Fiderer nails Dowd in her opening gambit 12/23/07: “Just when I thought I was out, the Clintons pull me back into their conjugal psychodrama."


Fiderer replies: “They pull you back in? Sorry, dear, you're projecting again. Since Labor Day, about half of your columns have been devoted to trashing Hillary. And it's the old crap over and over. No kidding, it's really obsessional.”


To Dowd’s charge that “Without nepotism, Hillary would be running for the president of Vassar." 9/30/07, Fiderer says:


“Right. And what would Christopher Dodd be doing? Or Elizabeth Dole? Or Teddy Kennedy? Or Cokie Roberts? But for nepotism, who would have ever heard of Indira Ghandi? But for nepotism, Katherine Graham had no material to write a book that won the Pulitzer Prize, Margaret Chase Smith would have been an obscure housewife and Donald Trump would have been a real estate agent in Queens.
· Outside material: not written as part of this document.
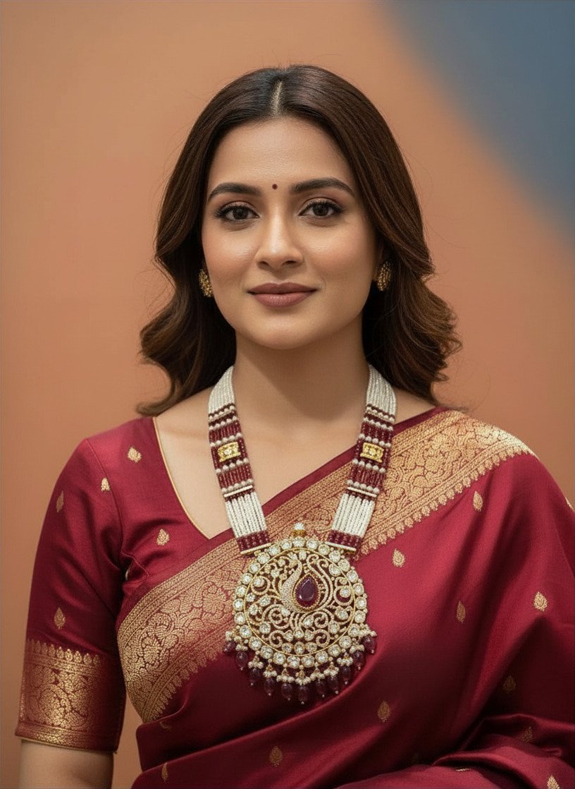 Where tradition meets luminous brilliance, Zariya Royale is adorned with finely cut moissanite polki stones that shimmer with every movement.

“Get over it and get a life, Maureen.”


For balance, Fiderer responds to a few attacks on Hillary by the likes of Andrew Sullivan and Carl Bernstein.


Andrew Sullivan: “[Senator Clinton] harkens back to the '90s. I think she's been a very sensible senator. I think, in fact, it's hard to disagree with her on the war. But when I see her again, all my--all the cootie vibes sort of resurrect themselves...I'm sorry. I must represent a lot of people... I actually find her positions appealing in many ways. I just can't stand her." Andrew Sullivan on The Chris Matthews Show, January 28, 2007


Fiderer: “Hillary resurrects cootie vibes? Seven years ago, Sullivan gained notoriety as a menace to public health, when, as an HIV-positive man, he placed an ad soliciting unprotected anal intercourse with strangers. Yet when he harkens back to that time, he associates Senator Clinton with the slang word for body lice.


“He {Sullivan} finds her positions appealing in many ways but he just can't stand her. Hmm. Doesn't sound very rational. Maybe he can't stand to admit that his writings in support of the Bush administration have all been discredited. Maybe he can't deal with the fact that he shares positions with people he attacked with vitriolic fervor a few years earlier. And maybe he projects on to Senator Clinton his own personal hypocrisy.”